Key Principles of Statistics

Learning objectives

By the end of this session, students should be able to:

  • distinguish between a population and a sample

  • describe sampling variability

  • fit a simple linear regression model in R

Warm-up discussion question

In a group of 3-4 students, discuss what you think it means to conduct statistical inference.

Load the data

Today we will use the births14 dataset in the openintro R package. You can read more about the dataset and see a data dictionary at this link.

#If you would like the full qmd file, you can run this in the console
download.file("https://raw.githubusercontent.com/anlane611/datasets/main/unit0.qmd",destfile = "unit0.qmd")
#load the packages we need
library(openintro)
library(tidyverse)
library(tidymodels)

#load the dataset from the openintro package
data(births14)

#get an overview of the data
glimpse(births14)

Note: As an alternative to using RStudio on your local machine, you can use the Duke container: https://cmgr.oit.duke.edu/containers

Exercise

Explore the births14 data:

  • Using the data dictionary at the link above, classify the variables as numeric or categorical. Do the variables seem to be correctly structured in R?

  • Use the summary() function to determine if there are missing values in the dataset

Hypothetically…

Imagine that this dataset contains information about the entire population of interest (e.g., all babies born in Bull City). Then, say we have the following research question:

What is the relationship between length of pregnancy in weeks and weight of the baby in pounds in Bull City?

We can explore this relationship graphically:

ggplot(births14, aes(x=weeks, y=weight))+
  geom_point()+
  labs(x="length of pregnancy (weeks)", y="baby weight (lbs)") 
  #always use labels!

Linear Regression

To further characterize the relationship between length of pregnancy and baby weight, we can fit a line to the plot:

mod_bullcity <- linear_reg() |> 
  set_engine("lm") |>
  fit(weight ~ weeks, data=births14)

tidy(mod_bullcity, conf.int=TRUE)

Exercise

ggplot(births14, aes(x=weeks, y=weight))+
  geom_point()+
  labs(x="length of pregnancy (weeks)",y="baby weight (lbs)")+
  geom_smooth(method="lm",se=F)
  • Looking at the estimate column of the tidy output, how would you interpret the intercept here? how would you interpret the weeks estimate?

Standard error

To better conceptualize the standard error, consider the premise above that these data represent the entire city. Now imagine that we could not actually obtain all of these data. Instead, we were only able to obtain a sample of 200 babies. Using only a sample of 200, if we fit a line in the same way as above, we have many different lines that we could have obtained:

set.seed(823)
births_sample1 <- births14 |> slice_sample(n=200)

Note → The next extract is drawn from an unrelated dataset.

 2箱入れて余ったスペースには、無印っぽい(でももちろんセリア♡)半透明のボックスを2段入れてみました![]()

ggplot(births_sample1, aes(x=weeks, y=weight))+
  geom_point()+
  labs(x="length of pregnancy (weeks)",y="baby weight (lbs)")+
  geom_smooth(method="lm",se=F)

mod_sample1 <- linear_reg() |> 
  set_engine("lm") |>
  fit(weight ~ weeks, data=births_sample1)

tidy(mod_sample1, conf.int=TRUE)

Exercise

Fill in the code below to simulate the process of taking 250 different samples and store the weeks coefficient estimate in a vector

weeks.coefs <- c() #create empty vector to store coefficient estimates

for(i in 1:250){ #create loop for 250 different samples
  print(i)
  set.seed(823+i) #set a unique seed each iteration
  
  #sample data
  births_sample <-
  
  #fit model
  mod_sample <- 
    
  #store output
  weeks.coefs[i] <- tidy(mod_sample)$estimate[2]
}

 

 

 

Now let’s plot the coefficient estimates we have for the 250 samples:

weeks.coefs.dat <- data.frame(weeks.coefs)

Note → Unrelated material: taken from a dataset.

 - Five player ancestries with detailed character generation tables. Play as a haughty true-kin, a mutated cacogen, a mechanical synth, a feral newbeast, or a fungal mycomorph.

ggplot(weeks.coefs.dat, aes(x=weeks.coefs))+
  geom_histogram()+
  labs(x="weeks coefficient estimate")

We see that there is variability in the coefficient estimates for weeks. The standard deviation of this collection of possible estimates is the standard error of the estimate.

Confidence interval and p-value

We can also use this collection of estimates to provide a plausible range for the “true” coefficient value:

quantile(weeks.coefs, probs=c(.025,.975))

Or, we can look at the collection of estimates and see that none of them are 0. So, because we collected 250 different samples and none of them had a coefficient estimate of 0, we are quite confident that the “true” coefficient is not zero.

 

 

In reality, we typically cannot many samples from the same population. So, we often rely on assumptions related to probability distributions to derive confidence intervals and p-values.